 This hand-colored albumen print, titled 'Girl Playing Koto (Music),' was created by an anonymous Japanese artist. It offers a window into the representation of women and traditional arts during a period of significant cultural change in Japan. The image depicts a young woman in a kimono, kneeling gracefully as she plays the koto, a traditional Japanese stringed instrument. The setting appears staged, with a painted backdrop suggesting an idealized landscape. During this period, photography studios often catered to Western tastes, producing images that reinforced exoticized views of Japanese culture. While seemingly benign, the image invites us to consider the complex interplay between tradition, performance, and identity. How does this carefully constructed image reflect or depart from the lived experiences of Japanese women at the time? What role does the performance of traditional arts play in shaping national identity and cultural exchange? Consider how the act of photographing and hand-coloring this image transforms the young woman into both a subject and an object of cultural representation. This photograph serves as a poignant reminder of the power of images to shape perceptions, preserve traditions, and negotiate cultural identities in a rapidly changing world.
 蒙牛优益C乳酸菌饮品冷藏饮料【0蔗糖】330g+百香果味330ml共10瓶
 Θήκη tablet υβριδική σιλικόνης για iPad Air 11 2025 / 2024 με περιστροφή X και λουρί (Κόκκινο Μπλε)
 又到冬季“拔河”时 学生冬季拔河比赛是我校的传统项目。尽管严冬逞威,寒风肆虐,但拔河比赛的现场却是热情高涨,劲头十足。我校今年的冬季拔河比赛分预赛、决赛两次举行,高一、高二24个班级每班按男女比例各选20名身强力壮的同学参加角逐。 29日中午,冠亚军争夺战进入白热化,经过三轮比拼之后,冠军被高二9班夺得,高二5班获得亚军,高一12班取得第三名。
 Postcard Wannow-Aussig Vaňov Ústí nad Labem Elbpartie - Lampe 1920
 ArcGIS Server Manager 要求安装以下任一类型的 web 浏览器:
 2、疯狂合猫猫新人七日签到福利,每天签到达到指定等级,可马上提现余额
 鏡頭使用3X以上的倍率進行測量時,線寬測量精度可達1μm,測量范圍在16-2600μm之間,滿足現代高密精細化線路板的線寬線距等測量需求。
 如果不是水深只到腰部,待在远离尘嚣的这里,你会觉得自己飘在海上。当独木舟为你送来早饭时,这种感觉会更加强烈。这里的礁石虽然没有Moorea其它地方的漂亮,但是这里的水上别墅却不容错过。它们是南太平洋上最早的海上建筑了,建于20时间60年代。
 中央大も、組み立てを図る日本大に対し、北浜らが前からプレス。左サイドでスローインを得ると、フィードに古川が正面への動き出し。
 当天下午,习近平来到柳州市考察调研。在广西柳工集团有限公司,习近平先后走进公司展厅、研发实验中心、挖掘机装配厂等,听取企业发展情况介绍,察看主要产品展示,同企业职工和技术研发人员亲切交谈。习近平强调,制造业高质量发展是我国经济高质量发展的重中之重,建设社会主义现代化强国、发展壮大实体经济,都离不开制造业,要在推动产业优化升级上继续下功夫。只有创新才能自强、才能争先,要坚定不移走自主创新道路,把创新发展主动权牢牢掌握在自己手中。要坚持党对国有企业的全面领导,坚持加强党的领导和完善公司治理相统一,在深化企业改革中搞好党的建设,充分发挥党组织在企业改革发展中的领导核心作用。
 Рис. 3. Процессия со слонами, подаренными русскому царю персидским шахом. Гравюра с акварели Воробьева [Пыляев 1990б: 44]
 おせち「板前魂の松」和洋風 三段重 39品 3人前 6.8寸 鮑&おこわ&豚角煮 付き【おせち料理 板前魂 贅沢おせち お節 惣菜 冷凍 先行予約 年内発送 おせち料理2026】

◆ **Exercise description**
All of the data above needs to be written out again, exactly.

◆ **Answer**
 This hand-colored albumen print, titled 'Girl Playing Koto (Music),' was created by an anonymous Japanese artist. It offers a window into the representation of women and traditional arts during a period of significant cultural change in Japan. The image depicts a young woman in a kimono, kneeling gracefully as she plays the koto, a traditional Japanese stringed instrument. The setting appears staged, with a painted backdrop suggesting an idealized landscape. During this period, photography studios often catered to Western tastes, producing images that reinforced exoticized views of Japanese culture. While seemingly benign, the image invites us to consider the complex interplay between tradition, performance, and identity. How does this carefully constructed image reflect or depart from the lived experiences of Japanese women at the time? What role does the performance of traditional arts play in shaping national identity and cultural exchange? Consider how the act of photographing and hand-coloring this image transforms the young woman into both a subject and an object of cultural representation. This photograph serves as a poignant reminder of the power of images to shape perceptions, preserve traditions, and negotiate cultural identities in a rapidly changing world.
 蒙牛优益C乳酸菌饮品冷藏饮料【0蔗糖】330g+百香果味330ml共10瓶
 Θήκη tablet υβριδική σιλικόνης για iPad Air 11 2025 / 2024 με περιστροφή X και λουρί (Κόκκινο Μπλε)
 又到冬季“拔河”时 学生冬季拔河比赛是我校的传统项目。尽管严冬逞威,寒风肆虐,但拔河比赛的现场却是热情高涨,劲头十足。我校今年的冬季拔河比赛分预赛、决赛两次举行,高一、高二24个班级每班按男女比例各选20名身强力壮的同学参加角逐。 29日中午,冠亚军争夺战进入白热化,经过三轮比拼之后,冠军被高二9班夺得,高二5班获得亚军,高一12班取得第三名。
 Postcard Wannow-Aussig Vaňov Ústí nad Labem Elbpartie - Lampe 1920
 ArcGIS Server Manager 要求安装以下任一类型的 web 浏览器:
 2、疯狂合猫猫新人七日签到福利,每天签到达到指定等级,可马上提现余额
 鏡頭使用3X以上的倍率進行測量時,線寬測量精度可達1μm,測量范圍在16-2600μm之間,滿足現代高密精細化線路板的線寬線距等測量需求。
 如果不是水深只到腰部,待在远离尘嚣的这里,你会觉得自己飘在海上。当独木舟为你送来早饭时,这种感觉会更加强烈。这里的礁石虽然没有Moorea其它地方的漂亮,但是这里的水上别墅却不容错过。它们是南太平洋上最早的海上建筑了,建于20时间60年代。
 中央大も、組み立てを図る日本大に対し、北浜らが前からプレス。左サイドでスローインを得ると、フィードに古川が正面への動き出し。
 当天下午,习近平来到柳州市考察调研。在广西柳工集团有限公司,习近平先后走进公司展厅、研发实验中心、挖掘机装配厂等,听取企业发展情况介绍,察看主要产品展示,同企业职工和技术研发人员亲切交谈。习近平强调,制造业高质量发展是我国经济高质量发展的重中之重,建设社会主义现代化强国、发展壮大实体经济,都离不开制造业,要在推动产业优化升级上继续下功夫。只有创新才能自强、才能争先,要坚定不移走自主创新道路,把创新发展主动权牢牢掌握在自己手中。要坚持党对国有企业的全面领导,坚持加强党的领导和完善公司治理相统一,在深化企业改革中搞好党的建设,充分发挥党组织在企业改革发展中的领导核心作用。
 Рис. 3. Процессия со слонами, подаренными русскому царю персидским шахом. Гравюра с акварели Воробьева [Пыляев 1990б: 44]
 おせち「板前魂の松」和洋風 三段重 39品 3人前 6.8寸 鮑&おこわ&豚角煮 付き【おせち料理 板前魂 贅沢おせち お節 惣菜 冷凍 先行予約 年内発送 おせち料理2026】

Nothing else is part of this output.